The percentage increase in volume of sphere is "72.8 percent (%)".

Step-by-step explanation:

Let the radius of sphere = r

To find, the percent increase in volume of sphere = ?

We know that,

The volume of sphere = \dfrac{4}{3}\pi r^{3}

The new radius of sphere = \dfrac{120}{100} r=\dfrac{6}{5}r

∴ The new volume of sphere = \dfrac{4}{3}\pi (\dfrac{6}{5}r)^{3}

= (\dfrac{4}{3}\pi r^{3})\dfrac{216}{125}

∴ Increase in volume = The new volume of sphere - The volume of sphere

= (\dfrac{4}{3}\pi r^{3})\dfrac{216}{125} - \dfrac{4}{3}\pi r^{3}

= \dfrac{4}{3}\pi r^{3} (\dfrac{216-125}{125})
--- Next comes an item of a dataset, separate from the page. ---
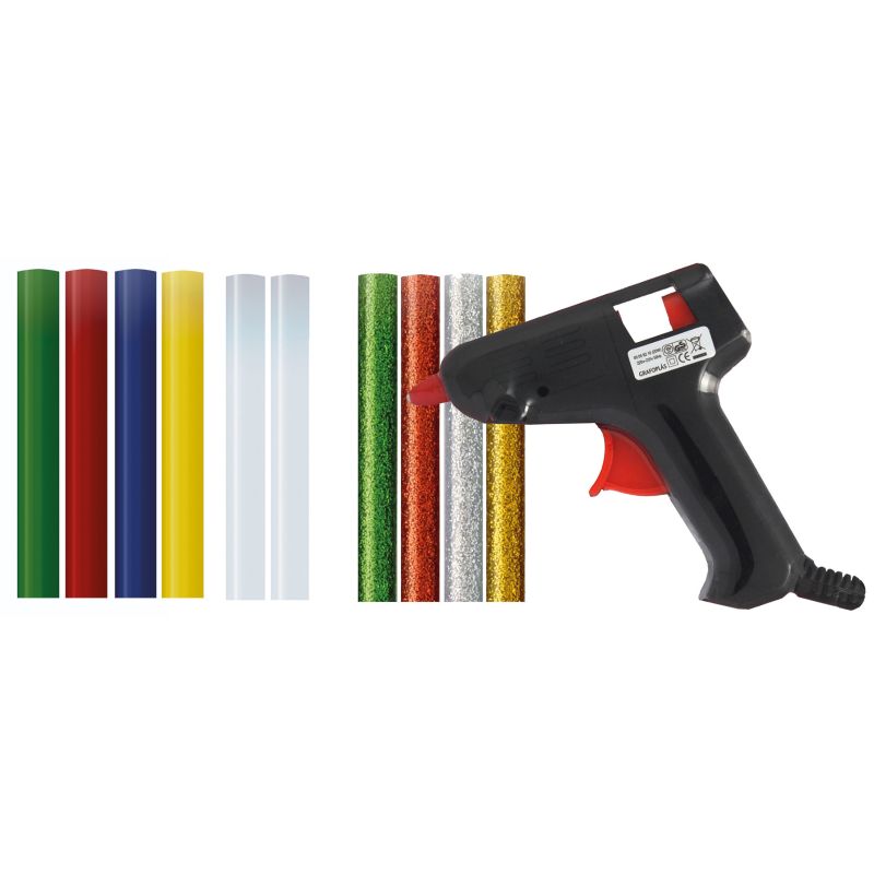 BCOGLI: - 12 barras de adhesivo termofusible. - 5 colores con acabado de purpurina: 3 barras oro, 3 barras plata, 2 barras rojo, 2 barras verde, 2 barras azules. - No gotea. - Válidas para cualquier material. - Secado rápido.

= \dfrac{4}{3}\pi r^{3}\dfrac{91}{125}

∴ The percent increase in volume of sphere = (\dfrac{4}{3}\pi r^{3}\dfrac{91}{125})/(\dfrac{4}{3}\pi r^{3}) × 100

= \dfrac{91}{125}\times 100

= 0.728 × 100

= 72.8 %

Thus, the percentage increase in volume of sphere is "72.8 percent (%)".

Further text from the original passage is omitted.